When the call is made from the XERC20LockBox contract to the XERC20 contract on line 128, the msg.sender is changed from Alice to the Lockbox's contract address inside the XERC20 contract.

File: XERC20.sol

    function burn(address _user, uint256 _amount) public virtual {
        if (msg.sender != _user) {            ///note - XERC20LockBox contract is the msg.sender now. Not Alice
            _spendAllowance(_user, msg.sender, _amount);       /// note - will revert here
        }

        _burnWithCaller(msg.sender, _user, _amount);
    }

& because there has been no approval given by Alice to set an allowance to anyone, the function always calls _spendAllowance() to decrease the allowance & reverts.

Also the same situation described above would take would happen in the OptimismMintableXERC20 contract.

File: OptimismMintableXERC20.sol

68:        function burn(address _from, uint256 _amount) public override(XERC20, IOptimismMintableERC20) {
69:           XERC20.burn(_from, _amount);
70:        }

[DadeKuma]

I agree that my comment could be misunderstood, so I will offer further explanation;

It won't revert, because allowance is not checked:

I was referring to this:

• @dev Can only be called by a bridge

https://github.com/code-423n4/2024-04-renzo/blob/main/contracts/Bridge/xERC20/contracts/XERC20.sol#L102

If you check the bridge calls, you will see that the _user is always the msg.sender (because it's using address(this)):

https://github.com/search?q=repo%3Acode-423n4%2F2024-04-renzo+.burn%28&type=code

In that case, the _user will be equal to msg.sender, and the allowance logic will not be triggered.

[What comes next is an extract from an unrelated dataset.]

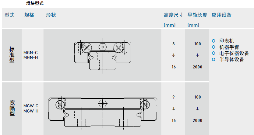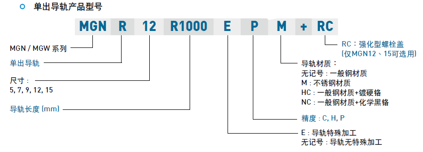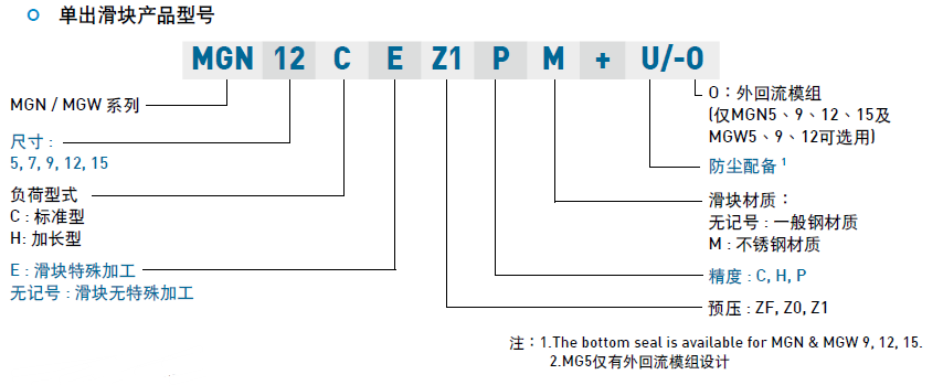 微型直線導(dǎo)軌MG系列的命名規(guī)則及型號

The other call (from XERC20LockBox) checks the allowance, but the user would simply approve it in a separate tx? I don't see why the contract should give allowance to itself when minting, the user can do it and then call burn.

[Shubh0412]

@DadeKuma
I totally agree about the call made from the xRenzoBridge contract where the allowance check is skipped while burning from the XERC20 contract.

Just like the sponsor said in the other reported issue,

IMO can still work with the simple flow where user can 1. approve xERC20 token to lockbox. 2. call withdraw.

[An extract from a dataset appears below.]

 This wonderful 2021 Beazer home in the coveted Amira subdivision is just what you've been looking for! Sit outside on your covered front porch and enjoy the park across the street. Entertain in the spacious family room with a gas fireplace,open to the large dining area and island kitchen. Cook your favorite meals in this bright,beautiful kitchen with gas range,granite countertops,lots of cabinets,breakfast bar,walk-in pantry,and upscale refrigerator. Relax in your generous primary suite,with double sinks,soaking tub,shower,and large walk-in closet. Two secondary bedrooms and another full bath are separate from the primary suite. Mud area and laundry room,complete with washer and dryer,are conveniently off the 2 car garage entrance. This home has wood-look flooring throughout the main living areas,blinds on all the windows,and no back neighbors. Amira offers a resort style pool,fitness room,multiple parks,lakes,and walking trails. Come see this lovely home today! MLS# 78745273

This would work fine when the user is an EOA.

But if the user is a smart contract who has already minted the tokens by depositing in the Lockbox, the user would not be able to burn the tokens because of missing approval & it would revert like explained above.

Now if the is able user transfers those tokens to a different address & tries to burn with appropriate approvals, then it would still revert in the _update() of ERC20Upgradeable contract because of insufficient balance of the user.

[DadeKuma]

But if the user is a smart contract who has already minted the tokens by depositing in the Lockbox, the user would not be able to burn the tokens because of missing approval & it would revert like explained above.

Yes, but that is the same impact as using mint instead of safeMint, which is usually judged as QA nowadays. Moreover, code-423n4/2024-04-renzo-findings#3 was also marked as QA.

[alcueca]

But if the user is a smart contract who has already minted the tokens by depositing in the Lockbox, the user would not be able to burn the tokens because of missing approval & it would revert like explained above.

If the user is a smart contract that can call withdraw, it will have no trouble calling approvejust before.